(REQUIRED WORK)
The reply must contain exactly the lines below from the one with "デコパーツ 魔法の小瓶 ゆめかわ 星 月 リボン 6色セット 6個 D-0525" down to the one with "Det praktisk indrettede", both included, and nothing more; please omit the pictures.

(LISTED RECORDS)
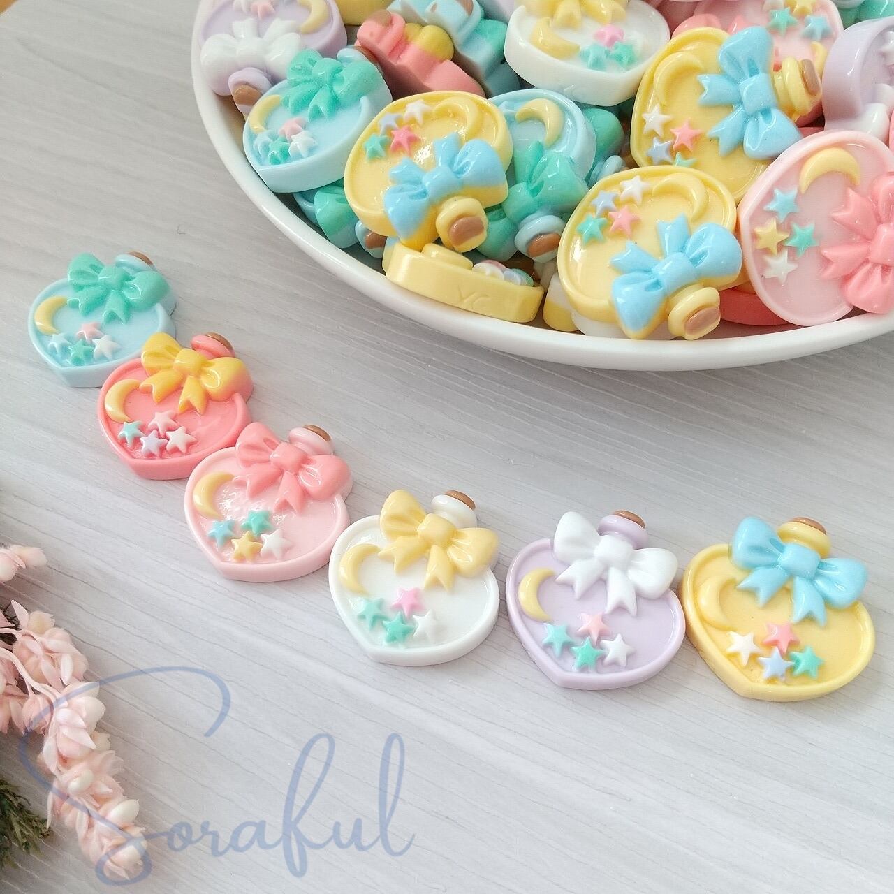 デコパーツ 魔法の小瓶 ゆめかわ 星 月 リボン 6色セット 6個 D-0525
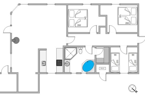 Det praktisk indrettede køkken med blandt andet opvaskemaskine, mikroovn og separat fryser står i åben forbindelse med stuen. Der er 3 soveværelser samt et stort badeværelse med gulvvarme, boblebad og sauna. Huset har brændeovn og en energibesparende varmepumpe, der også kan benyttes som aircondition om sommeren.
...
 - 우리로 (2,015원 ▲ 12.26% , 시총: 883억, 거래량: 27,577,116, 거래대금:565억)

(TASK SOLUTION)
 デコパーツ 魔法の小瓶 ゆめかわ 星 月 リボン 6色セット 6個 D-0525
 Det praktisk indrettede køkken med blandt andet opvaskemaskine, mikroovn og separat fryser står i åben forbindelse med stuen. Der er 3 soveværelser samt et stort badeværelse med gulvvarme, boblebad og sauna. Huset har brændeovn og en energibesparende varmepumpe, der også kan benyttes som aircondition om sommeren.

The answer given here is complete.